Most people assume astronomer Clyde Tombaugh discovered Pluto by peering intently through a telescope. But that's not how it happened.

On a cold, dreary February afternoon almost 78 years ago, Tombaugh sat in the comfort of his office, examining pairs of photographic plates he had made a couple of weeks earlier.

He was 24 years old and had been working at Lowell Observatory in Flagstaff for just over a month. Before his hiring, he had been an unknown, largely self-educated amateur astronomer living in Kansas. After finding Pluto, though, his name burst upon the world like a supernova.

"(The discovery) hit me like a ton of bricks," Tombaugh said in a 1990 interview. "I knew in an instant I would become famous and my life would be changed forever."

Tombaugh was born in Illinois on Feb. 4, 1906, and moved with his family to Kansas in 1922. He was an excellent student and athlete in high school, interested in a variety of subjects.

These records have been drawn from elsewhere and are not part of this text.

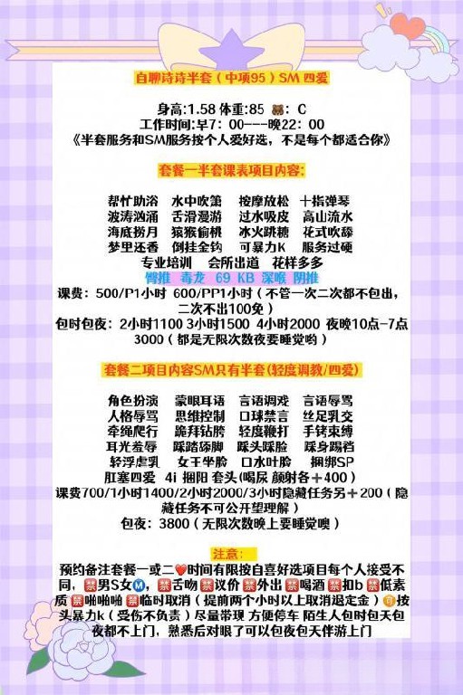 [服务项目]: 助浴 花式调情 花式吹箫 花式互动 毒龙 69 深喉 倒挂金钩 阴推 口爆 捆绑 调教 角色扮演等等
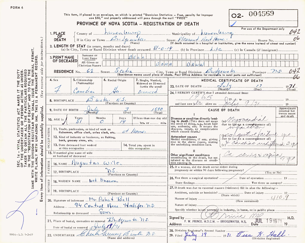 PROVINCE OF NOVA SCOTIA — REGISTRATION OF DEATH
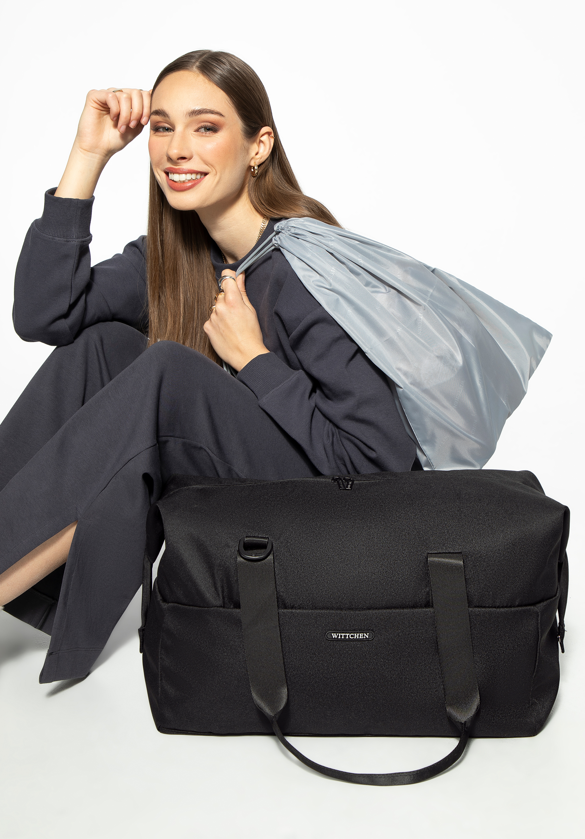- Dodatkowe akcesoria: Specjalny worek o wymiarach 32,5 × 45,5 cm, idealny do przechowywania obuwia, który oddziela od reszty zawartości torby i zapewnia czystość.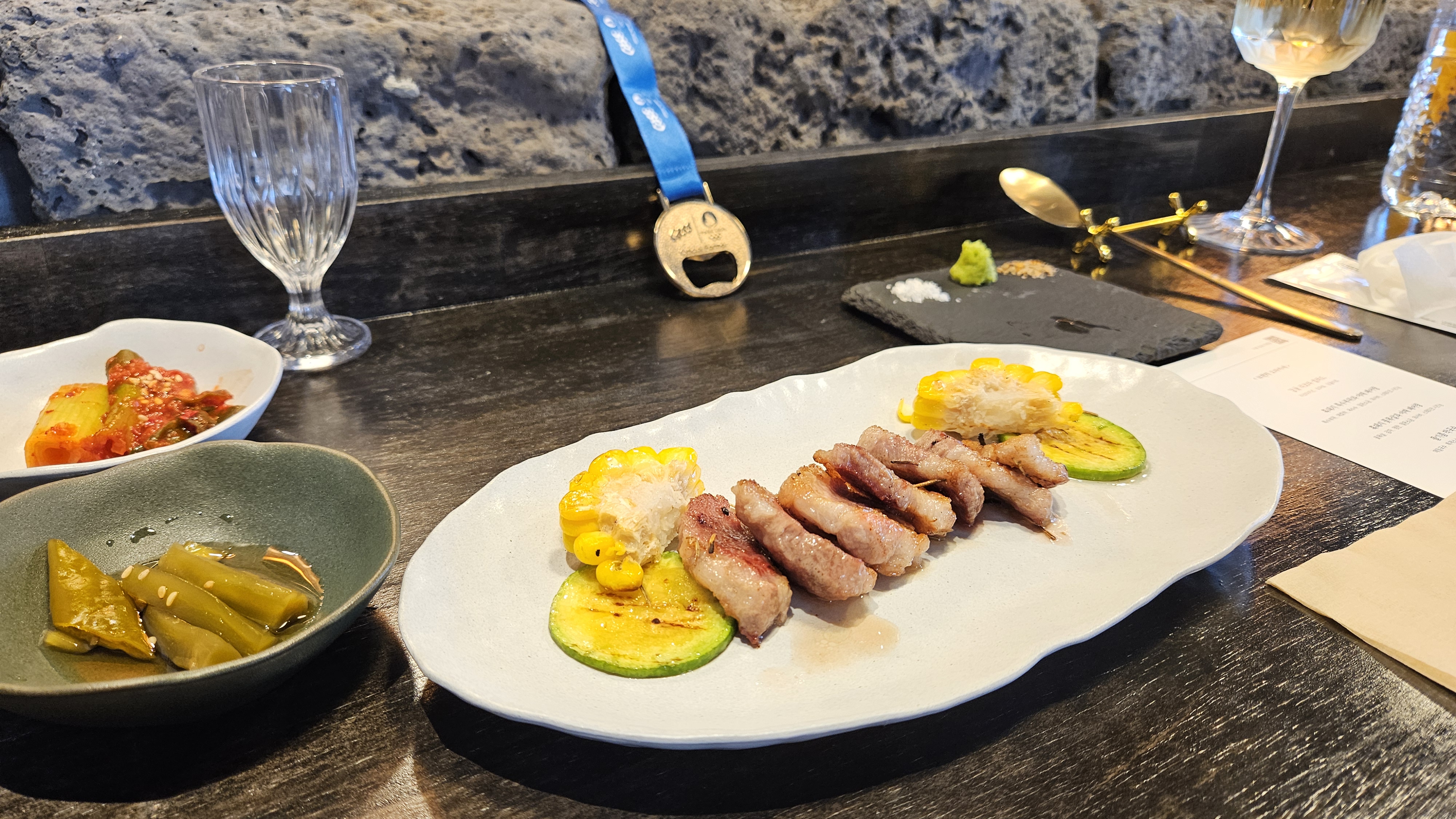 이후 등장하는 흑돼지 특수부위와 야채 페어링은 고기의 풍미를 섬세하게 표현한 메뉴입니다. 특수부위는 쫄깃한 식감과 함께 은은한 고소함이 살아 있고, 애호박과 옥수수, 말돈 소금, 와사비와 함께하면 다양한 맛의 레이어가 느껴져요. 스테이크 시즈닝이 더해져 풍성한 감칠맛까지 챙겼습니다.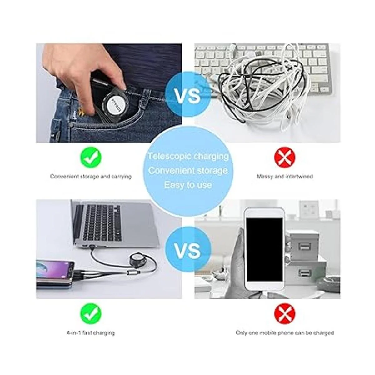 Compatibility List: 4in1 fast charging retractable cable compatible / replacement S10 S9 S8 Plus Note 10 9 8,Moto Z,LG V20 G8 G7 s3 / s4 / s5 / s6 / s7 / s8,Phone 11pro/xs/xr/x/8/7/6s/5se/for most mobile phone charging and More .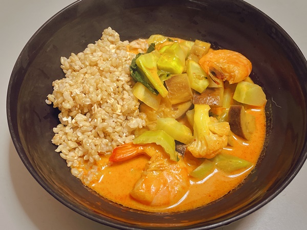 箱には鶏肉と書いていたけど、まさかの鶏肉なくて…原材料にえびペーストとあったのでエビと野菜入れて煮込んだレッドカレーがこちらです。

But he became especially interested in geography, and one day he began to wonder about the geography of other planets. Tombaugh's uncle, an amateur astronomer, let Clyde borrow his telescope and lent him books on the subject.

Like countless backyard astronomers, Tombaugh quickly decided he needed a bigger telescope to see some of the things he had been reading about. Telescopes were expensive, though, so he decided to make his own.

The first one wasn't that great. The second was better, but it was his third telescope that led to his job in Flagstaff.

It was a 9-inch reflector, even today a respectable-size telescope for an amateur. With it, Tombaugh made a series of sketches of Jupiter and sent them to V.M. Slipher, director of Lowell Observatory.

Slipher was so impressed that he invited the young astronomer to Flagstaff and gave him an important task: to search for the elusive Planet X, the object postulated by Percival Lowell, the observatory's founder, in the early 1900s to explain certain anomalies in the orbit of Neptune.

'Tedious task'

At first, Tombaugh focused his search on the small section of sky where Lowell had predicted his Planet X should be found. When nothing turned up, Slipher told Tombaugh to search the entire zodiac (the belt of constellations through which the planets travel).

Tombaugh remembered that as "a horrendous, tedious task."

There were an average of 50,000 star images on each photographic plate, and every pair of plates, taken of the same section of sky, but several nights apart, had to be painstakingly examined with a device called the blink comparator, which would indicate, through the movement of one of the thousands of images, the presence of a planet. It was grueling work.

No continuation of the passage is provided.